Back to the blues... Jimmy Reed was very popular in the UK during the r and b boom years. Yes, his music is a bit formulaic – but there was always something appealing about that shuffle beat of his. Not so heavy on the emotional freight, perhaps – without the shattering power of the Wolf or Muddy Waters, for example – maybe that was one reason for his popularity – social blues for dancing and drinking. And I'm going to New York sometime soon...

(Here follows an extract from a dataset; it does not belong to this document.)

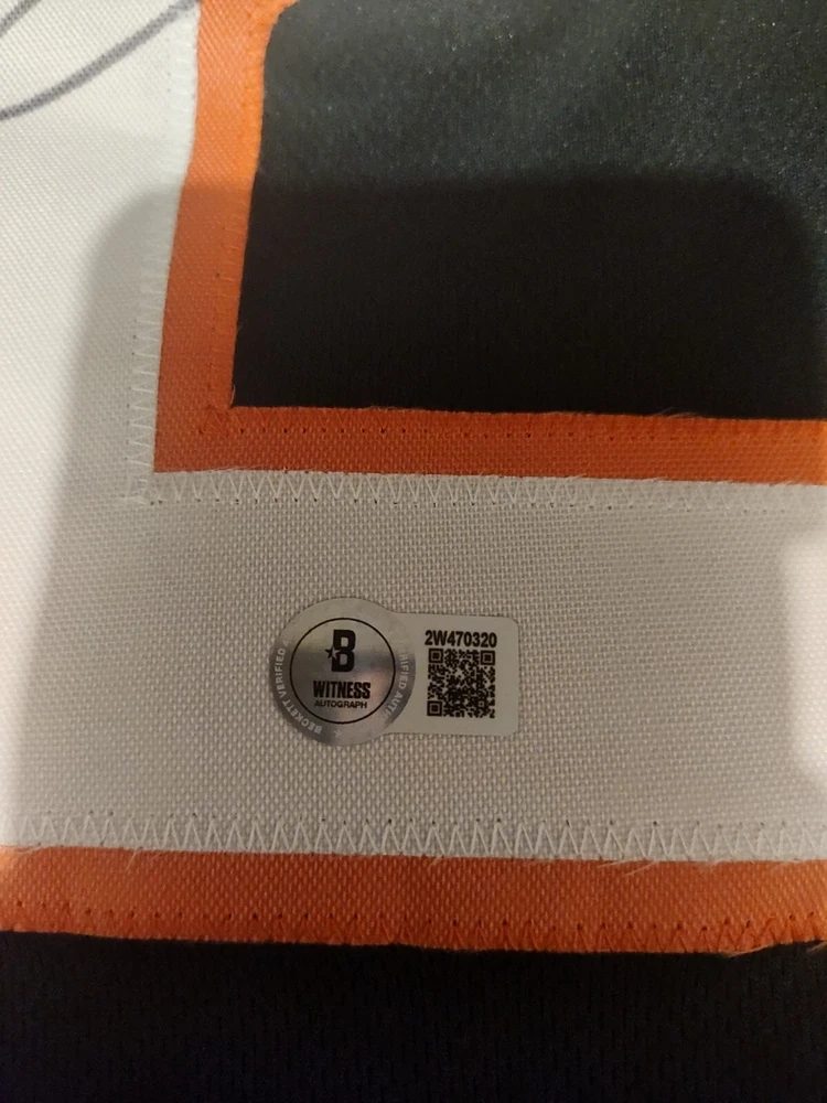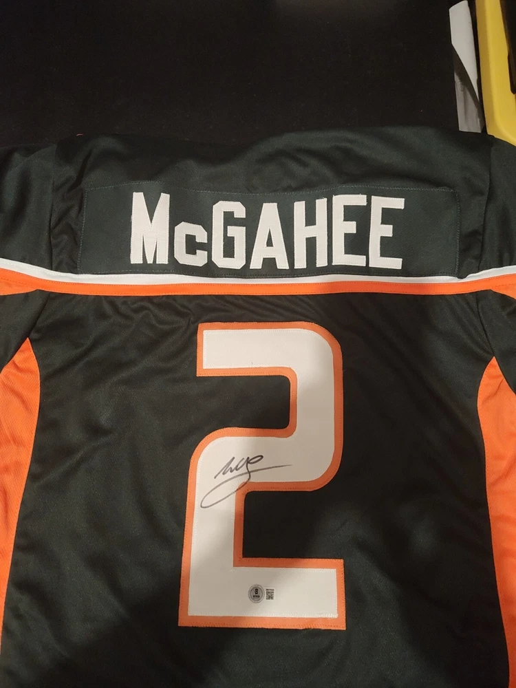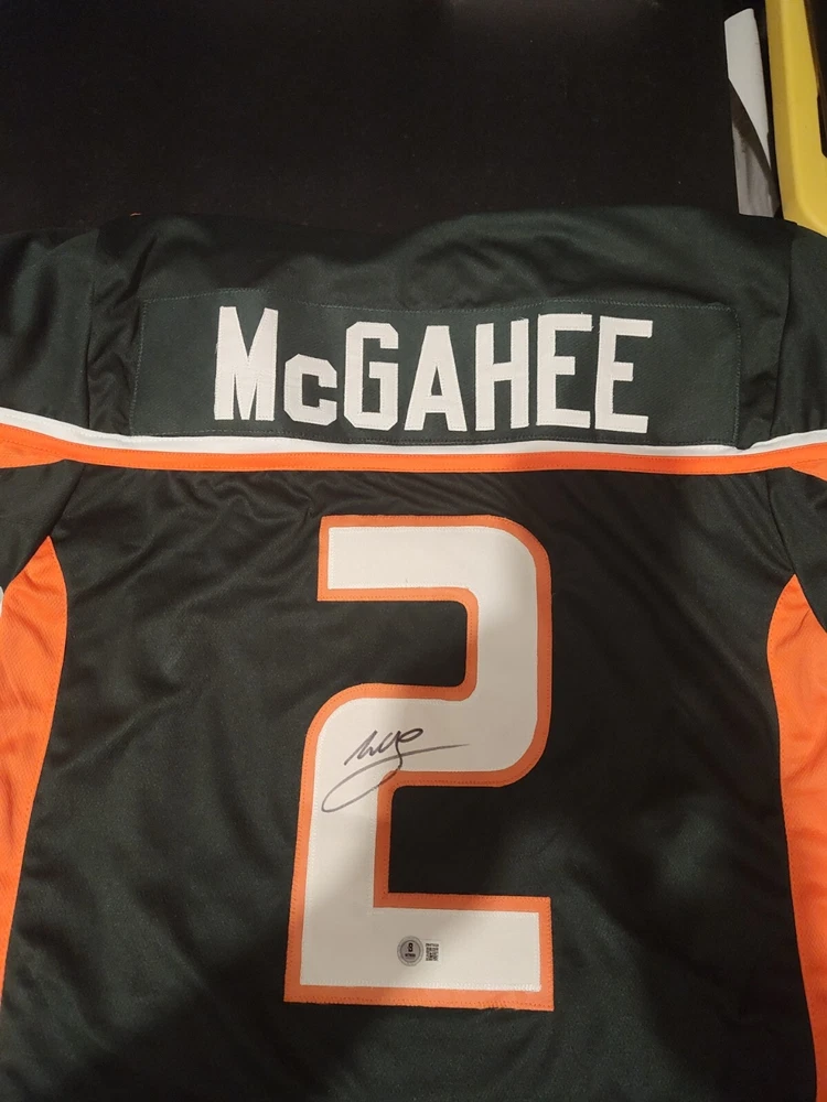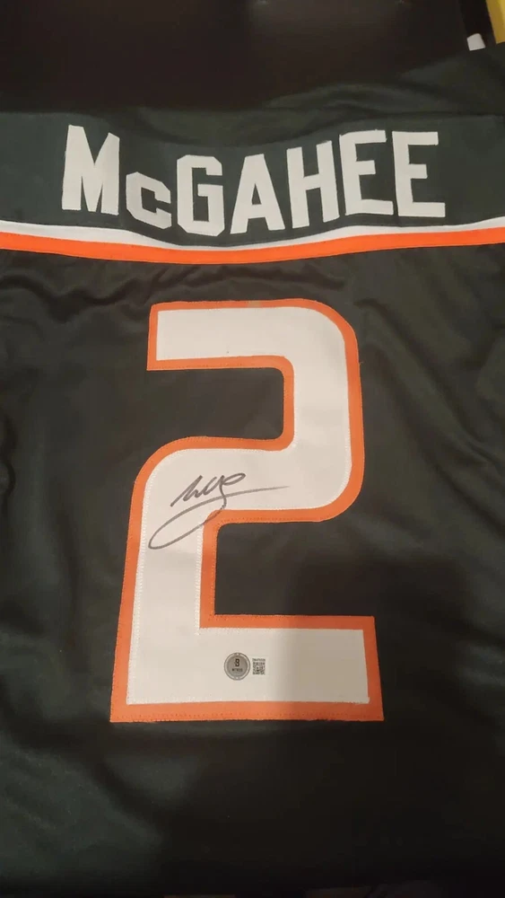 Willis McGahee Signed Jersey (Beckett) Miami Hurricanes Custom jersey with everything sewn on, size XL. Hand-signed by Willis McGahee. The autograph includes an official Beckett Authentication Services serially numbered hologram for authenticity purposes. The signing of this item was witnessed by Beckett. Authentication: Beckett Hologram

Some more Lightnin'... 'West Texas Blues.' Mr Hopkins on his own from the 1960's, stinging guitar tracking the voice, the amplification taking the country blues to somewhere different – able to hold its own in a crowded bar or club better than an acoustic performance yet retaining some degree of intimacy as played solo - when he uses a drummer it gives a different, more extroverted feel... it can be easy to forget that this music was played in more rowdy atmospheres and venues than would seem evident from its arrival on the festival and concert stages when it was taken up by a white audience...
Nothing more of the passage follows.